In January 2017 Anaplan appointed Frank A. Calderoni as CEO. Calderoni took the company public on October 12, 2018, with Anaplan being listed on the NYSE under the ticker symbol PLAN.

In August 2019, Anaplan announced plans to acquire Mintigo, an Israeli-founded predictive marketing and sales analytics company. In November, the company was named to Deloitte Technology Fast 500.

In March 2022, the private equity firm Thoma Bravo announced a definitive agreement to purchase Anaplan for $10.7 billion. The deal closed in June 2022. Thoma Bravo renegotiated the deal to $10.4 billion, stating that Anaplan had breached the merger agreement by overpaying new workers, although commentators linked the renegotiation to the broader market downturn.

Also in 2022, Anaplan announced the acquisition of the applications division from existing partner Vuealta.

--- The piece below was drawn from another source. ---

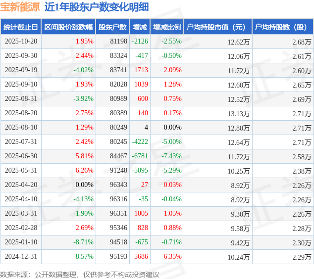 从股价来看,2025年9月30日至2025年10月20日,宝新能源区间涨幅为1.95%,在此期间股东户数减少2126.0户,减幅为2.55%。
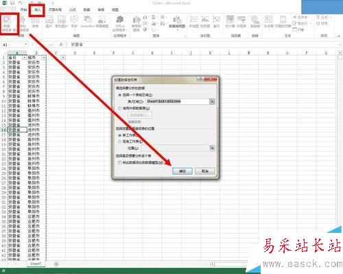 2、然后選擇插入當中的數據透視表,并選擇新建工作表顯示,單擊確定,如下圖所示:

In June 2023, Anaplan began a round of major layoff, ranging from 119 to 500 employees.

== Funding ==
Anaplan raised its first venture capital funding within a year of its first sales in 2010. In 2012, the company raised $11.4 million in Series B financing from investors that included Granite Ventures and Shasta Ventures.

Then, in 2014, the company's Series D funding raised $100 million from new and existing investors including DFJ Growth, Workday, and Shasta Ventures. In 2016, Anaplan raised $90 million and became the second UK-founded company to achieve a $1 billion valuation.

Premji Invest led the fundraising, and was joined by Baillie Gifford, Founders Circle Capital, Harmony Partners, and Anaplan's then-current investors. As of January 2016, Anaplan had raised a total of $240 million in five funding rounds.

== Technology ==
Anaplan's Hyperblock technology is a patented in-memory database and calculation engine for business planning.

In November 2014, Anaplan announced the launch of the Anaplan App Hub for business planning applications.